Problem: In the material below, the lines between the one holding "作为中关村地区标志性、品牌性" and the one holding "Publicidade Legal veiculada", inclusive, are to be set down word for word. Pictures stay out.

Task input:
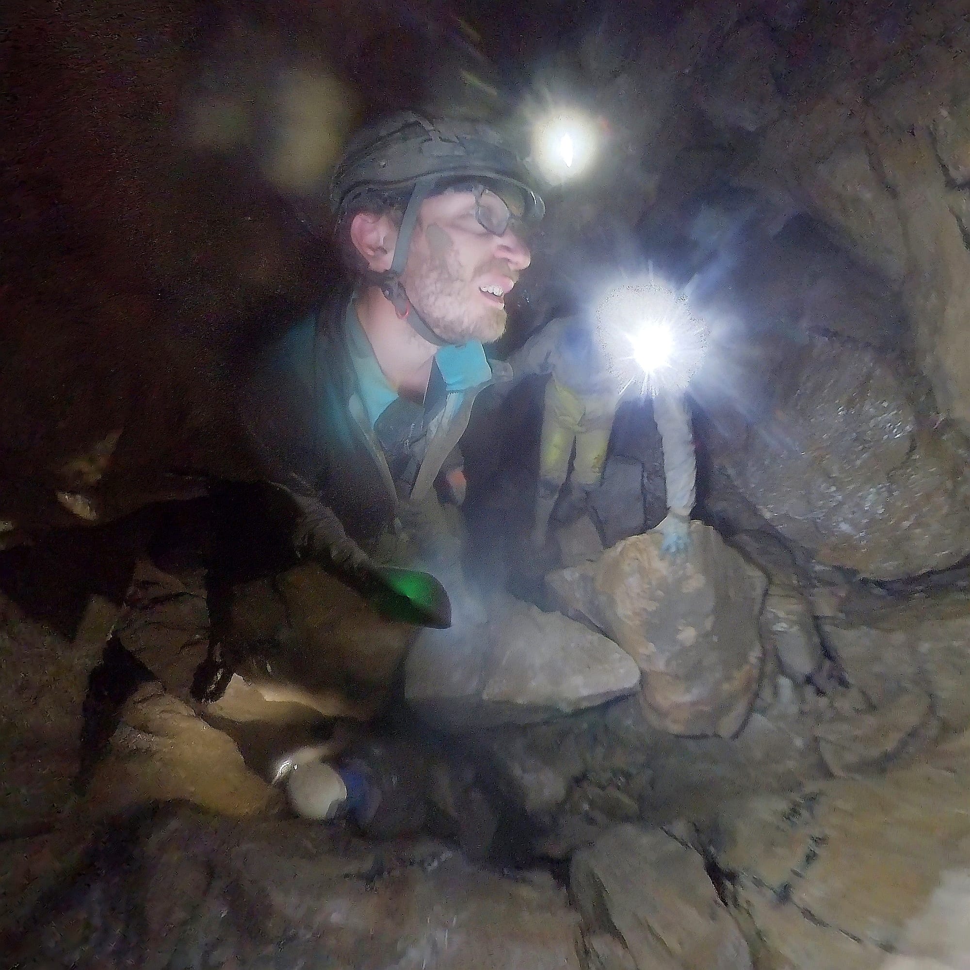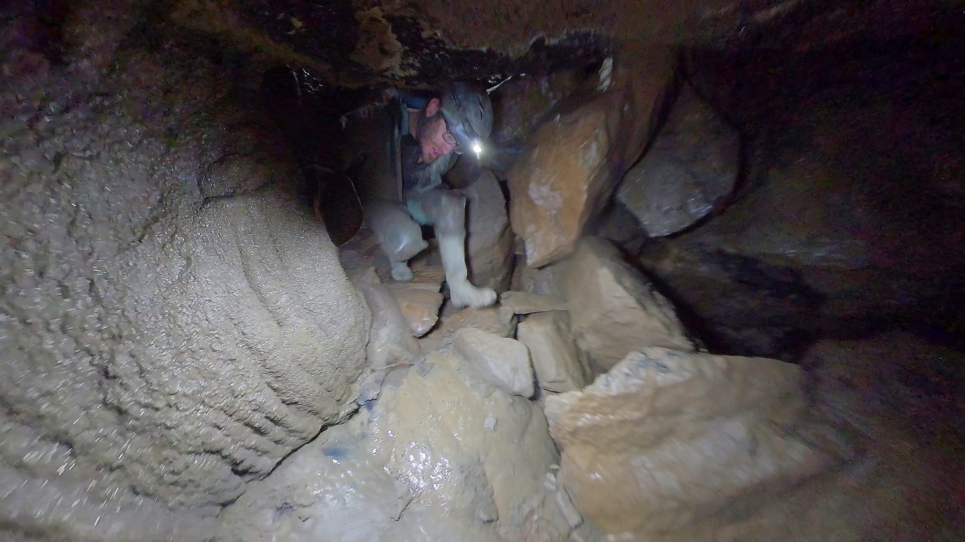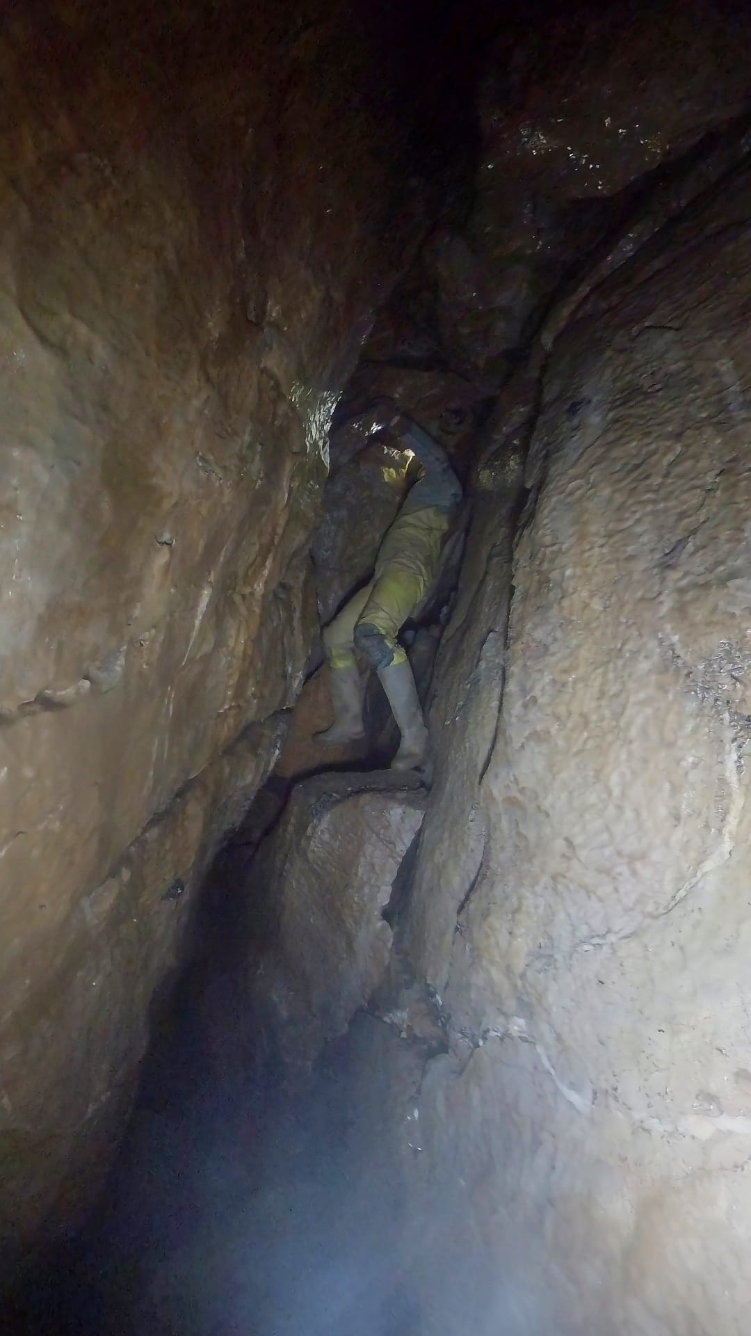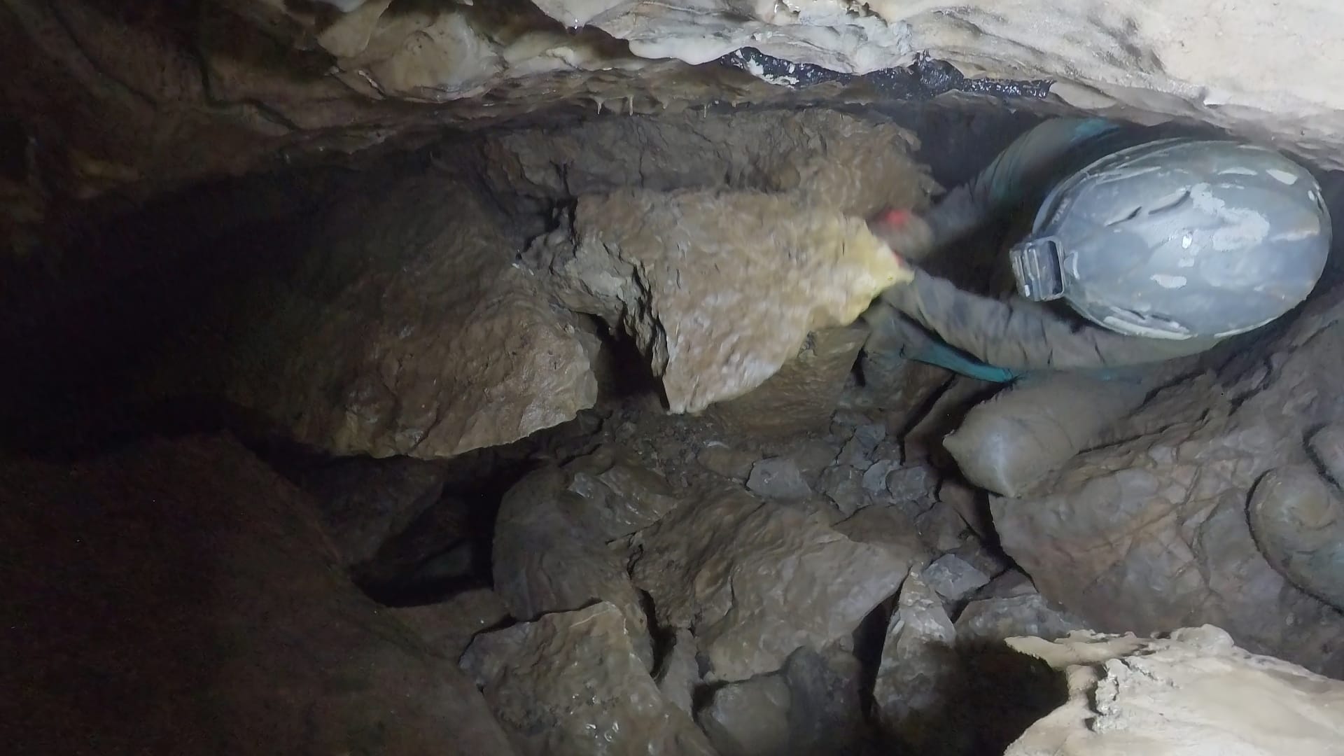 Anyways, the passage leads 10m or so to what seems to be a big boulder choke. There are holes everywhere so we split up and start pushing stuff. Excitement in the air! Some bits are muddy, some clean washed, some quite calcited with plenty of formations. It’s a weird choke, quite different from the main Waterfall Hole choke. Myself and Joe end up quite low down at one point, maybe 10m lower than where we started, digging through gaps to access a very clean washed bit that keeps going down, just needs capping.
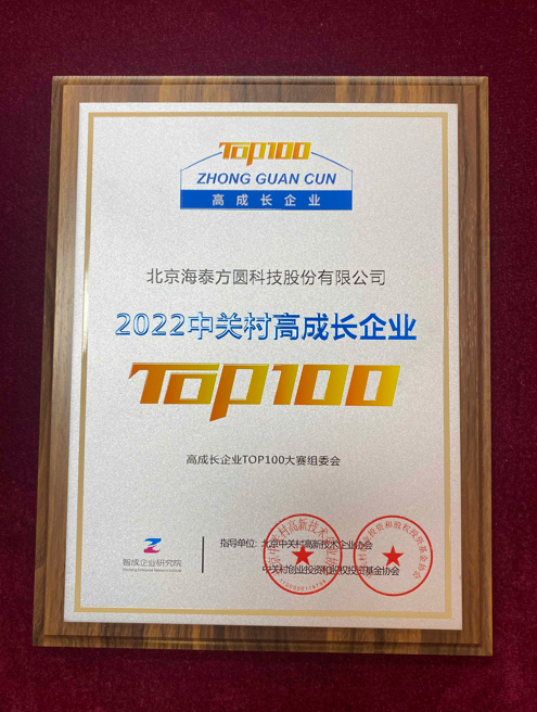 作为中关村地区标志性、品牌性活动之一,2022年度高成长企业TOP100大赛活动自2022年7月正式启动,历时5个月,经由项目征集、榜单初筛、项目初审、复审路演等四个环节,遴选出100家最具有发展潜力和行业代表性的高成长企业。海泰方圆凭借强劲的核心竞争力,从2649家入围企业中脱颖而出,一举斩获“2022中关村高成长企业TOP100”荣誉称号。
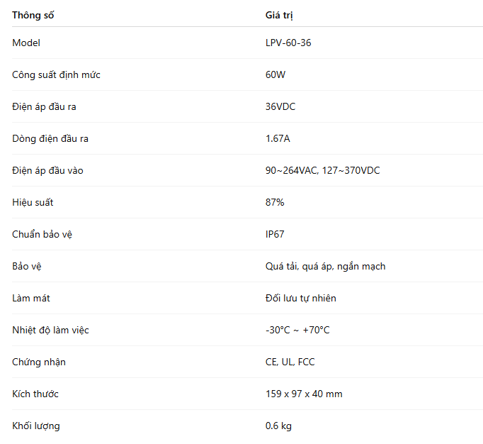 Với các tính năng nổi bật này, LPV-60-36 không chỉ đơn thuần là bộ nguồn DC-DC, mà còn là một giải pháp năng lượng thông minh, bền bỉ và an toàn cho mọi hệ thống công nghiệp, chiếu sáng LED, viễn thông, hay các dự án tự động hóa hiện đại. Thiết kế thông minh kết hợp hiệu suất cao, khả năng chịu môi trường khắc nghiệt và bảo vệ toàn diện giúp LPV-60-36 trở thành một trong những bộ nguồn DC đáng tin cậy nhất trên thị trường hiện nay.
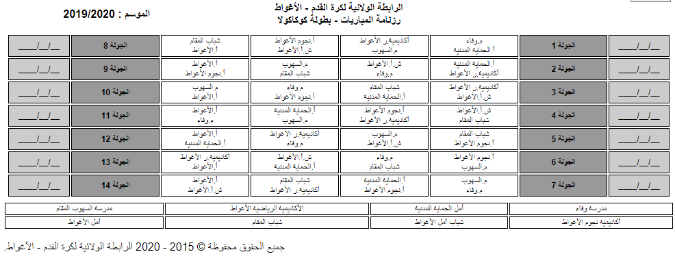 ملاحظة : كل المباريات ستجرى في نفس الملعب.
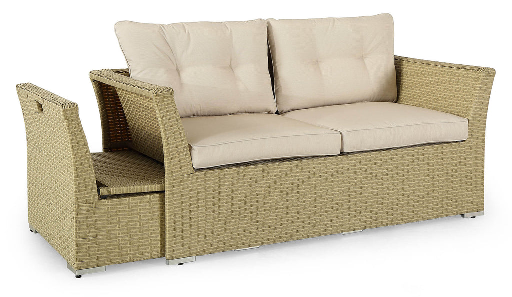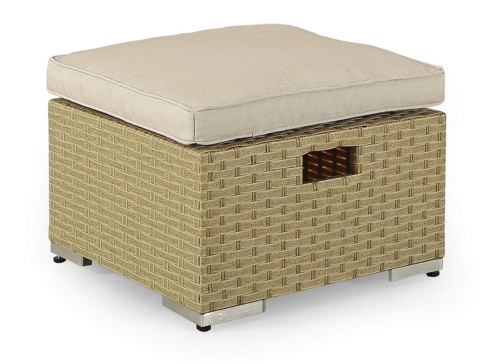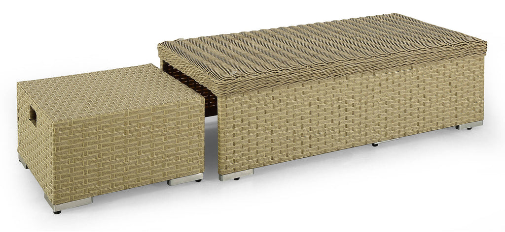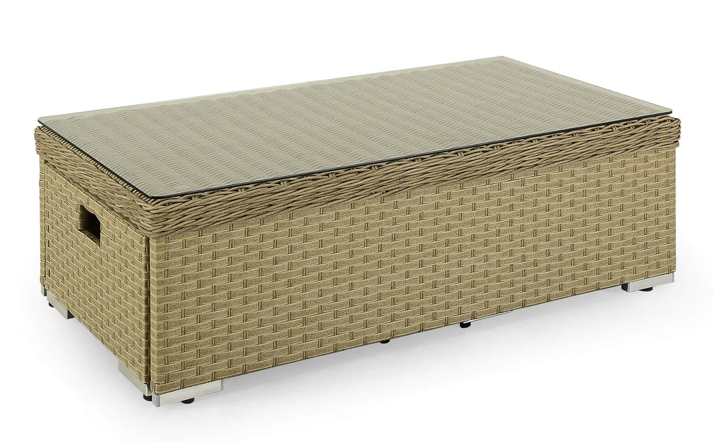 Elegante e ricercato lo stile di questo salotto da esterno in grado di valorizzare qualsiasi ambiente in cui verrà collocato, dal giardino al terrazzo , dal bordo piscina a spazi coperti da pergolati o tende parasole. Il set composto da tavolo, divano, 2 poltrone e 2 poggiapiedi che possono essere utilizzati anche da seduta, risulta particolarmente confortevole anche grazie ai morbidi e grandi cuscini. Il tavolo da caffè con piano in vetro temperato garantisce sicurezza e massima resistenza oltre ad un design contemporaneo e raffinato. La possibilità di riporre le poltrone all'interno del divano ed i poggiapiedi sotto il tavolo rende questo articolo estremamente funzionale anche in un ottica di ottimizzazione degli spazi esistenti. La struttura completamente in alluminio e il materiale di rivestimento in Rattan sintetico garantiscono una qualità duratura nel tempo resistente agli agenti atmosferici e ai raggi UV.
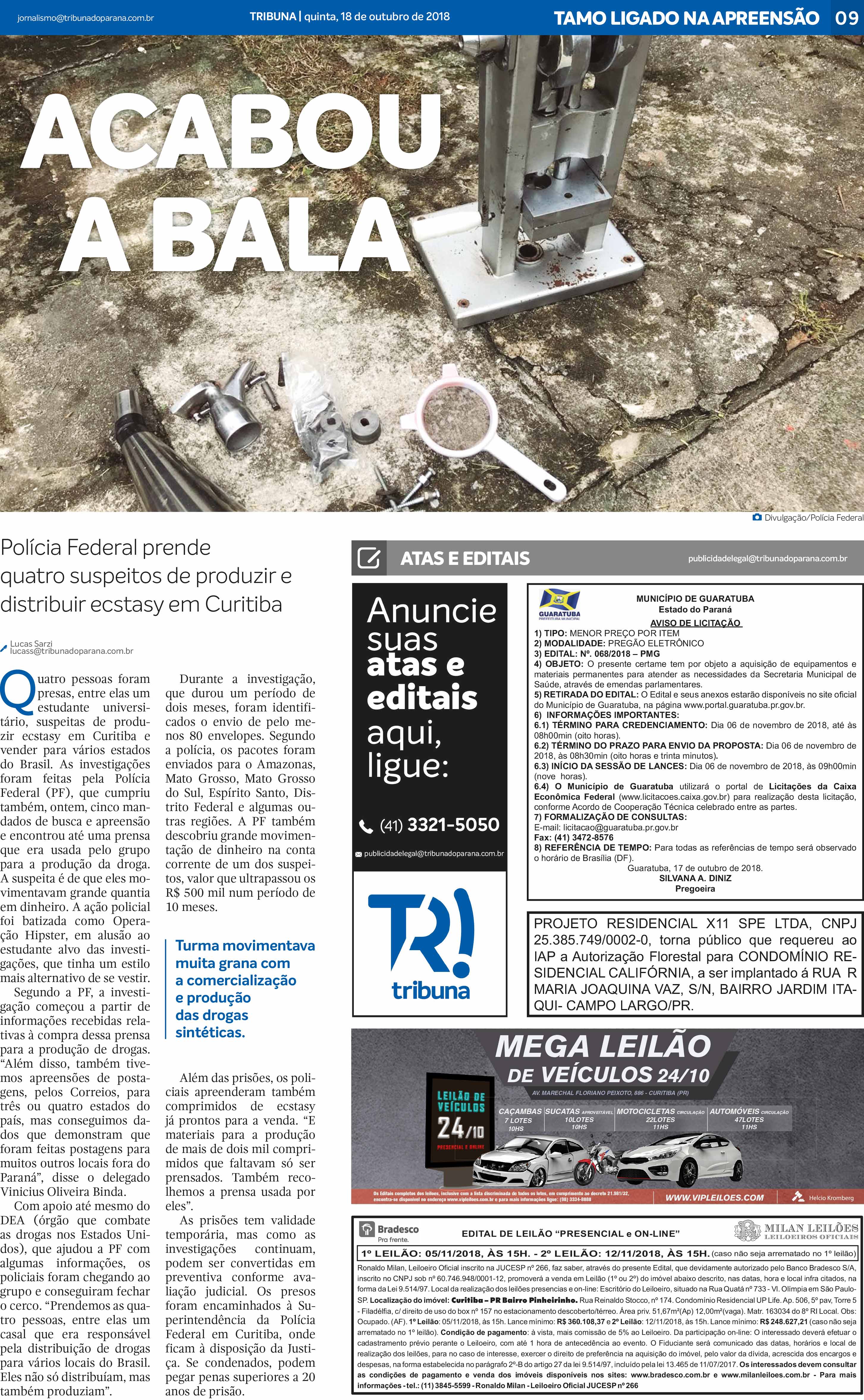 Publicidade Legal veiculada no jornal Tribuna do Paraná, em 19 de outubro de 2018, na página 09.
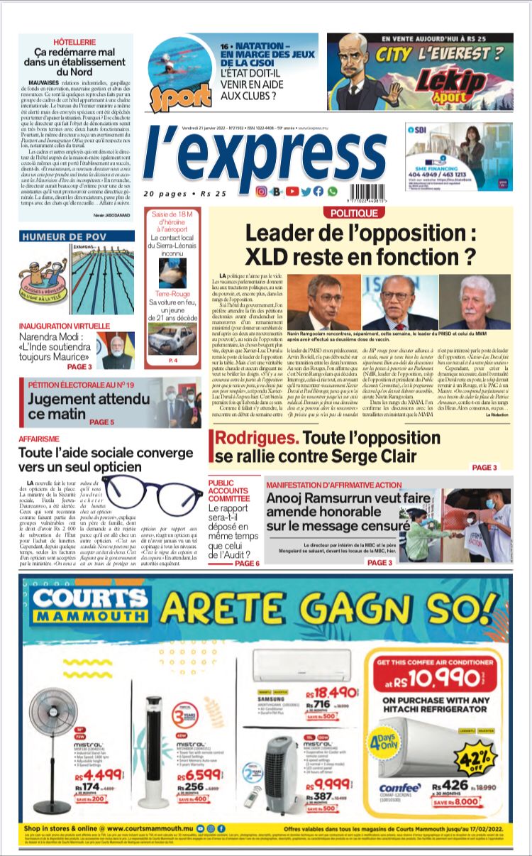 En une de l'express: Politique - Leader de l’opposition : XLD reste en fonction ? ; Autre titre: Rodrigues: Toute l’opposition se rallie contre Serge Clair.

Problem solution:
 作为中关村地区标志性、品牌性活动之一,2022年度高成长企业TOP100大赛活动自2022年7月正式启动,历时5个月,经由项目征集、榜单初筛、项目初审、复审路演等四个环节,遴选出100家最具有发展潜力和行业代表性的高成长企业。海泰方圆凭借强劲的核心竞争力,从2649家入围企业中脱颖而出,一举斩获“2022中关村高成长企业TOP100”荣誉称号。
 Với các tính năng nổi bật này, LPV-60-36 không chỉ đơn thuần là bộ nguồn DC-DC, mà còn là một giải pháp năng lượng thông minh, bền bỉ và an toàn cho mọi hệ thống công nghiệp, chiếu sáng LED, viễn thông, hay các dự án tự động hóa hiện đại. Thiết kế thông minh kết hợp hiệu suất cao, khả năng chịu môi trường khắc nghiệt và bảo vệ toàn diện giúp LPV-60-36 trở thành một trong những bộ nguồn DC đáng tin cậy nhất trên thị trường hiện nay.
 ملاحظة : كل المباريات ستجرى في نفس الملعب.
 Elegante e ricercato lo stile di questo salotto da esterno in grado di valorizzare qualsiasi ambiente in cui verrà collocato, dal giardino al terrazzo , dal bordo piscina a spazi coperti da pergolati o tende parasole. Il set composto da tavolo, divano, 2 poltrone e 2 poggiapiedi che possono essere utilizzati anche da seduta, risulta particolarmente confortevole anche grazie ai morbidi e grandi cuscini. Il tavolo da caffè con piano in vetro temperato garantisce sicurezza e massima resistenza oltre ad un design contemporaneo e raffinato. La possibilità di riporre le poltrone all'interno del divano ed i poggiapiedi sotto il tavolo rende questo articolo estremamente funzionale anche in un ottica di ottimizzazione degli spazi esistenti. La struttura completamente in alluminio e il materiale di rivestimento in Rattan sintetico garantiscono una qualità duratura nel tempo resistente agli agenti atmosferici e ai raggi UV.
 Publicidade Legal veiculada no jornal Tribuna do Paraná, em 19 de outubro de 2018, na página 09.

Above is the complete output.